3. Implement an ~80/~20 train-test split. Put the test data aside.
4. Build some simple linear models that include no transformations or interactions. Fit them, and determine their RMSE and $R^2$ on the both the training and test sets. Which of your models does the best?
5. Make partial correlation plots for each of the numeric variables in your model. Do you notice any significant non-linearities?
6. Include transformations and interactions of your variables, and build a more complex model that reflects your ideas about how the features of the asset determine its value. Determine its RMSE and $R^2$ on the training and test sets.

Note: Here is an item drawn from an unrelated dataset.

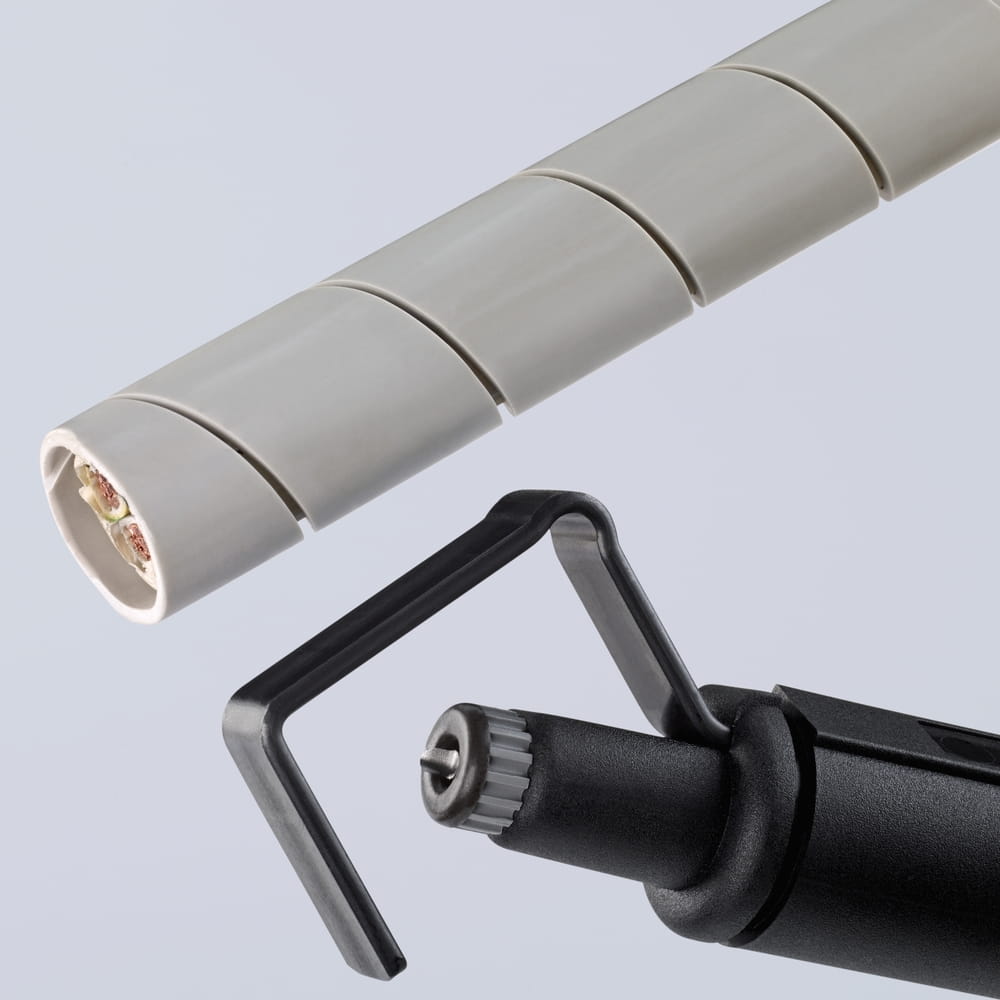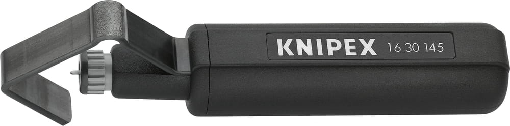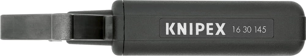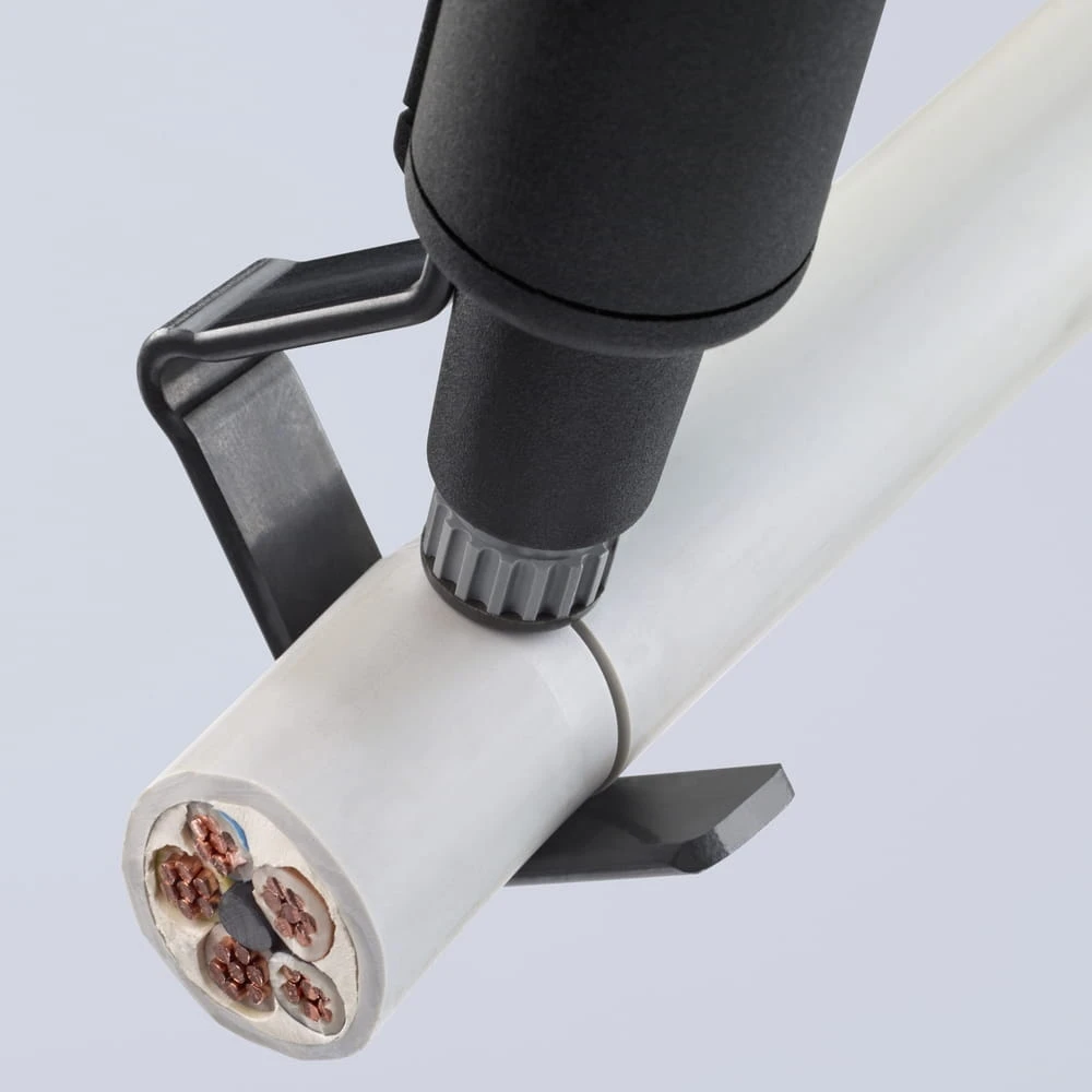 Profesjonalny przyrząd (ściągacz) firmy Knipex do zdejmowania izolacji wykonanych z tworzywa z kabli i przewodów okrągłych jedno lub wielożyłowych przydatny podczas prac montażowych np. w szafach sterowniczych. Obrotowy nóż z regulacją głębokości do cięcia wzdłużnego i po obwodzie.

How does the more complex model your build compare to the simpler ones?
7. Summarize your results from 1 to 6. Have you learned anything about overfitting and underfitting, or model selection?
8. If you have time, use the sklearn.linear_model.Lasso to regularize your model and select the most predictive features. Which does it select? What are the RMSE and $R^2$? We'll cover the Lasso later in detail in class.

In [None]:
import pandas as pd
import numpy as np
import matplotlib.pyplot as plt
import seaborn as sns

In [None]:
df = pd.read_csv('cars_hw.csv')

In [None]:
# Display basic information about the dataset
print(df.info())
print(df.describe())


# Check for missing values
print(df.isnull().sum())

# Handle missing values (example: fill with mean)
# For demonstration, let's fill missing 'price' with the mean price
if 'price' in df.columns and df['price'].isnull().any():
  df['price'].fillna(df['price'].mean(), inplace=True)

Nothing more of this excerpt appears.